Front-month U.S. benchmark crude-oil futures prices dropped $4.58 a barrel in the previous two days, ending Thursday at a new 2013 low. Prices barely staggered to their feet after the two-day pounding, in which commodity funds shed their expectations of near-term higher prices, helped by a large jump in U.S. crude-oil inventories.

Market anxieties may not let up next week as the March-delivery contracts for reformulated-gasoline and heating-oil futures expire at Thursday's settlement and the March 1 deadline to break a government impasse and reach a deal to avoid $85 billion in automatic spending cuts looms. Failure to reach a deal likely would unnerve markets, traders said.

Light, sweet crude-oil futures for April delivery on the New York Mercantile Exchange settled 29 cents higher, at $93.13 a barrel. The contract fell 3.4%, the worst weekly performance for Nymex crude since Oct. 26, 2012.

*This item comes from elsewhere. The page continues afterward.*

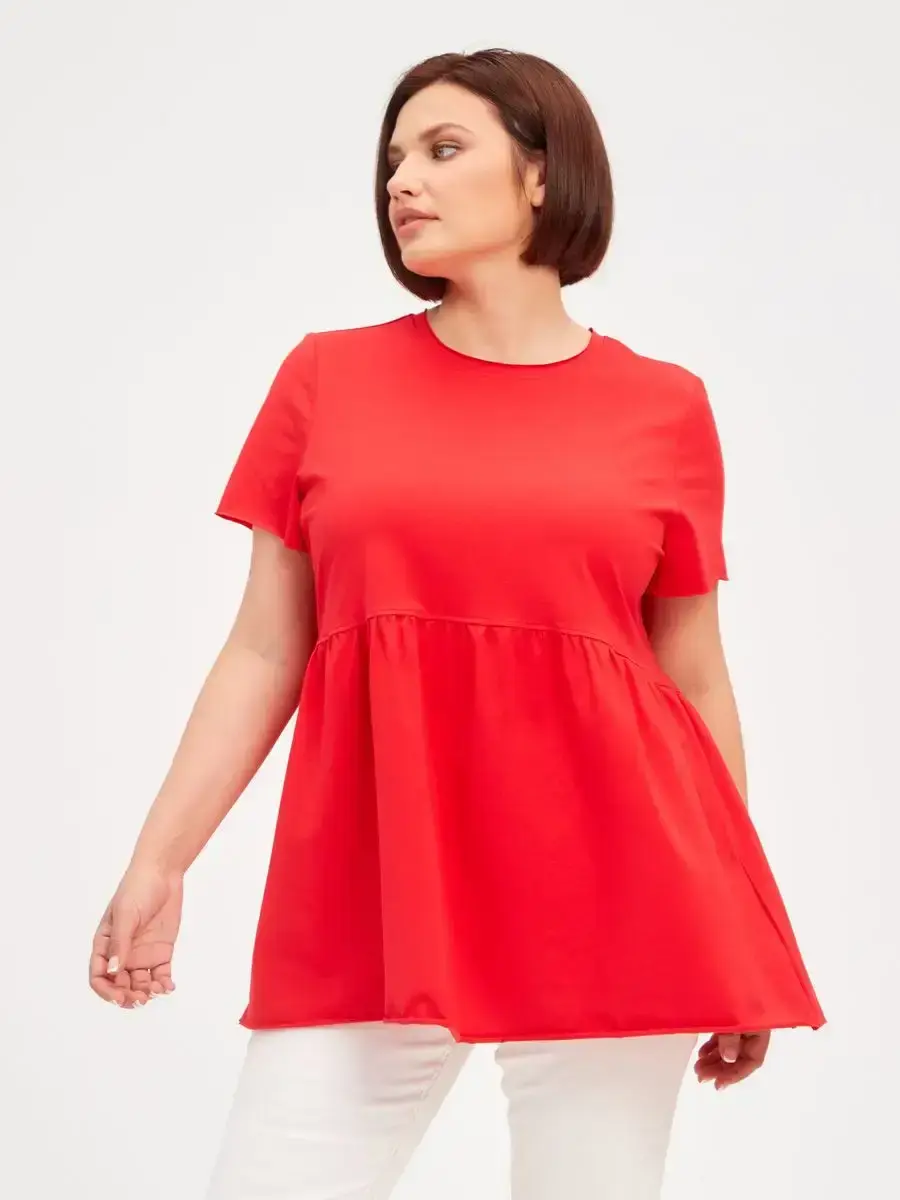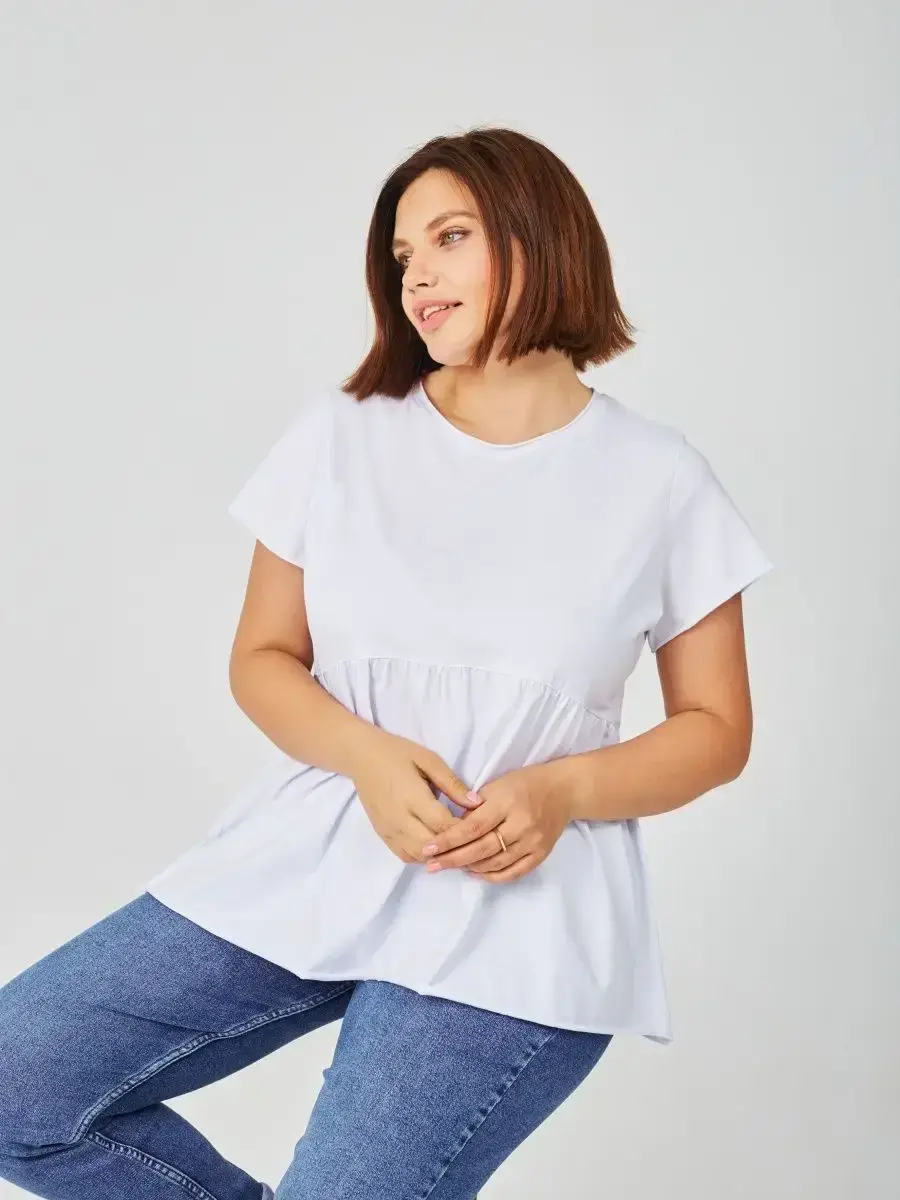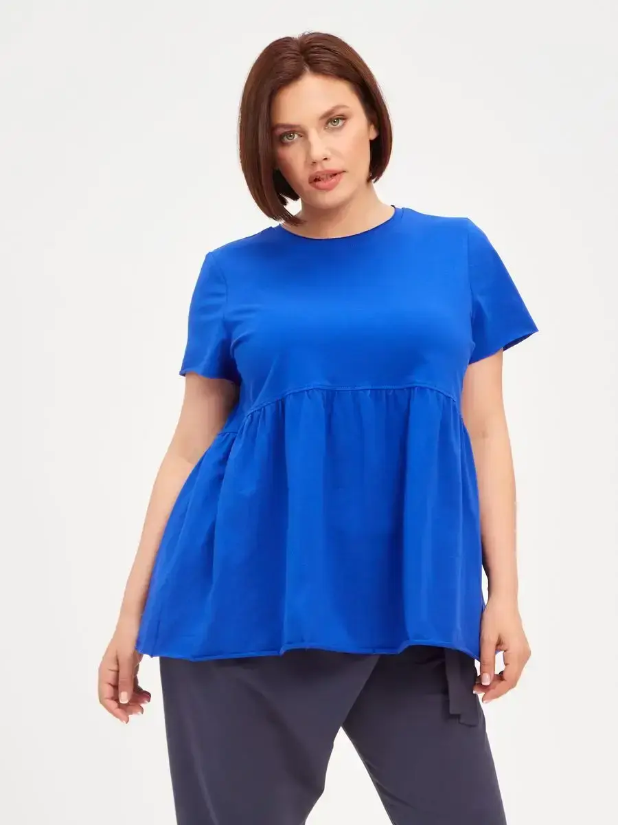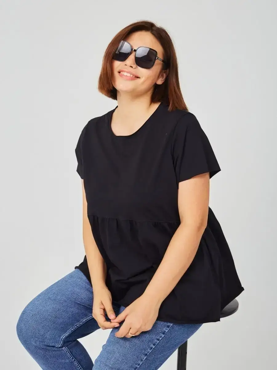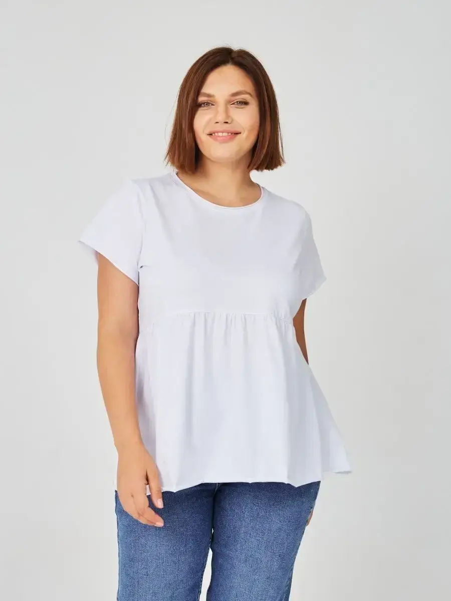 Женская летняя футболка с баской, округлым вырезом и коротким рукавом позволит вам выглядеть актуально всегда и везде. Однотонная футболка – женская базовая одежда для прогулок и офиса, которая отлично сочетается с любым низом. Свободный крой оверсайз при необходимости скроет несовершенства фигуры, а премиальный трикотаж из чистого хлопка обеспечит полный комфорт. Удлиненный хлопковый топ-блуза с баской – настоящая находка для женщин в ожидании чуда, а оригинальный силуэт oversize просто создан для обладательниц больших размеров. Прекрасный выбор на фотосессию для беременных

April ICE Brent crude oil, which lost $3.99 over the previous two days, settled 51 cents higher Friday, at $114.10 a barrel. The contract lost 3% in the week, the biggest decline since the week ended Dec. 7, 2012.

Analysts at Goldman Sachs said oil prices are now "in line with fundamentals" after moving too high on "forward-looking survey data generating renewed optimism" on the global economy and oil-demand growth. The reality of "lackluster" hard data on actual demand and weak physical markets for oil brought about the selloff, the analysts said in a note.

Pressure on U.S. crude prices built when the Energy Information Administration reported domestic crude-oil stocks rose by 4.1 million barrels last week, more than twice the expected level. Stocks are now sufficient to meet nearly 27 days of current low demand from refiners, EIA data show. That is the highest level of inventory cover since March 1994, and crude-oil stocks outright are at their highest level for this time of year on EIA data beginning in 1982.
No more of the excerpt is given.